Life is One, universal common ancestry supported

By Razib Khan | May 13, 2010 3:01 am

One of the notions implicit in most evolutionary models is that the tree of life has a common root. In other words all individuals of all species represent end points of lineages which ultimately coalesce back to the the original common ancestor. The first Earthling, so to speak. I say implicit because common ancestry isn’t necessary for evolution to be valid; after all, we presumably accept that evolutionary process is operative in an exobiological context, if such a context exists. Therefore it is possible that modern extant lineages are derived from separate independent antecedents. A “multiple garden” model. This has seemed less and less plausible as the molecular basis of biology has been elucidated; it looks like the basic toolkit is found all across the tree of life. But with a new found awareness of the power of processes such as horizontal gene transfer the open & shut case is faced with a new element of ambiguity. Or perhaps not?

Here’s a post from Wired, Life on Earth Arose Just Once:

The idea that life forms share a common ancestor is “a central pillar of evolutionary theory,” says Douglas Theobald, a biochemist at Brandeis University in Waltham, Massachusetts. “But recently there has been some mumbling, especially from microbiologists, that it may not be so cut-and-dried.”

Because microorganisms of different species often swap genes, some scientists have proposed that multiple primordial life forms could have tossed their genetic material into life’s mix, creating a web, rather than a tree of life.

To determine which hypothesis is more likely correct, Theobald put various evolutionary ancestry models through rigorous statistical tests. The results, published in the May 13 Nature, come down overwhelmingly on the side of a single ancestor.

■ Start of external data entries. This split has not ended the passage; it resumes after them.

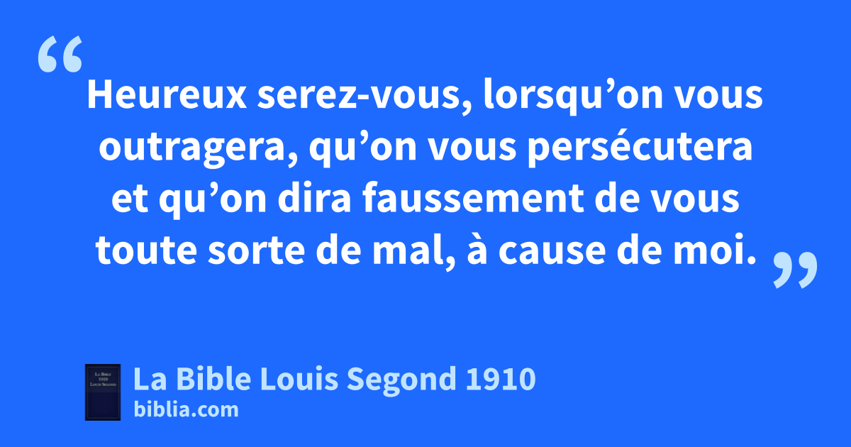 3aHeureux les pauvres en esprit, car le royaume des cieux est à eux! 4bHeureux les affligés, car ils seront consolés! 5cHeureux les débonnaires, car ils hériteront la terre! 6dHeureux ceux qui ont faim et soif de la justice, car ils seront rassasiés! 7Heureux les miséricordieux, car ils obtiendront miséricorde! 8eHeureux ceux qui ont le coeur pur, car ils verront Dieu! 9Heureux ceux qui procurent la paix, car ils seront appelés fils de Dieu! 10fHeureux ceux qui sont persécutés pour la justice, car le royaume des cieux est à eux! 11Heureux serez-vous, lorsqu’on vous outragera, qu’on vous persécutera et qu’on dira faussement de vous toute sorte de mal, gà cause de moi. 12hRéjouissez-vous et soyez dans l’allégresse, parce que votre récompense sera grande dans les cieux; car c’est ainsi qu’on a persécuté les prophètes qui ont été avant vous.
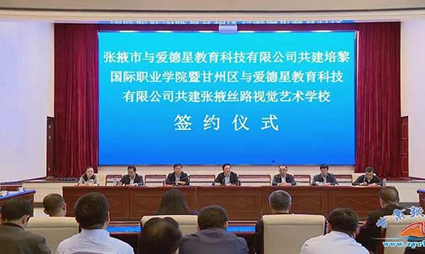 张掖市与爱德星教育科技有限公司共建培黎国际职业学院暨甘州区与爱德星教育科技有限公司合作创办张掖丝路视觉艺术学校签约仪式举行杨维俊张健谢又生关尧秦新民邢如瑞刘新明等出席9月23日,张掖市与爱德星教育科技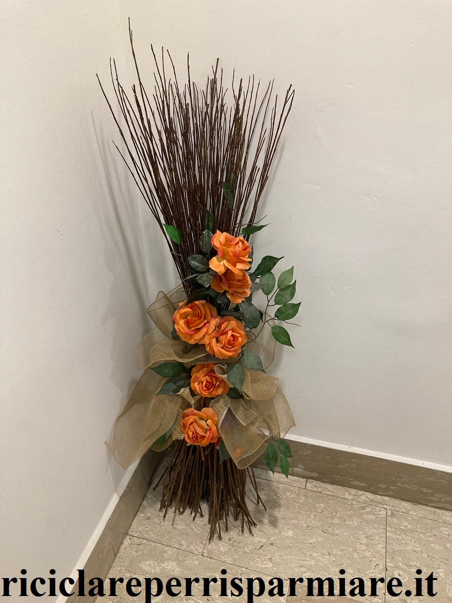 Come creare una composizione di rami e fiori per riciclare rami secchi accumulati dopo la potatura degli alberi.

A universal common ancestor is at least 102,860 times more probable than having multiple ancestors, Theobald calculates.

The paper is now on the Nature website, A formal test of the theory of universal common ancestry. They looked specifically at 23 very conserved proteins across 12 taxa from the three domains of life (those being eukaryotes, prokaryotes, and the archaea). Here’s where the author explains the philosophy behind the statistical technique:

When choosing among several competing scientific models, two opposing factors must be taken into account: the goodness of fit and parsimony. The fit of a model to data can be improved arbitrarily by increasing the number of free parameters. On the other hand, simple hypotheses (those with as few ad hoc parameters as possible) are preferred. Model selection methods weigh these two factors statistically to find the hypothesis that is both the most accurate and the most precise.

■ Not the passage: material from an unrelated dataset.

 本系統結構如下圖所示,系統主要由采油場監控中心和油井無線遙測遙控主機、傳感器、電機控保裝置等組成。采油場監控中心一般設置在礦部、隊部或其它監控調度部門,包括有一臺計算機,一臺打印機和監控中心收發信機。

The sorts of models compared is illustrated by figure 2. One the left you have the universal common descent model, and on the right the prokaryotes (bacteria) have an independent origin. The lines represent connections between the 23 conserved protein sequences, either through horizontal transfer or vertical transmission.


As noted in the Wired piece there’s no contest here. Universal common descent is strongly supported. I’ll let the author’s finish:

What property of the sequence data supports common ancestry so decisively? When two related taxa are separated into two trees, the strong correlations that exist between the sequences are no longer modelled, which results in a large decrease in the likelihood. Consequently, when comparing a common-ancestry model to a multiple-ancestry model, the large test scores are a direct measure of the increase in our ability to accurately predict the sequence of a genealogically related protein relative to an unrelated protein. The sequence correlations between a given clade of taxa and the rest of the tree would be eliminated if the columns in the sequence alignment for that clade were randomly shuffled. In such a case, these model-based selection tests should prefer the multiple-ancestry model. In fact, in actual tests with randomly shuffled data, the optimal estimate of the unified tree (for both maximum likelihood and Bayesian analyses) contains an extremely large internal branch separating the shuffled taxa from the rest. In all cases tried, with a wide variety of evolutionary models (from the simplest to the most parameter rich), the multiple-ancestry models for shuffled data sets are preferred by a large margin over common ancestry models (LLR on the order of a thousand), even with the large internal branches. Hence, the large test scores in favour of UCA models reflect the immense power of a tree structure, coupled with a gradual Markovian mechanism of residue substitution, to accurately and precisely explain the particular patterns of sequence correlations found among genealogically related biological macromolecules.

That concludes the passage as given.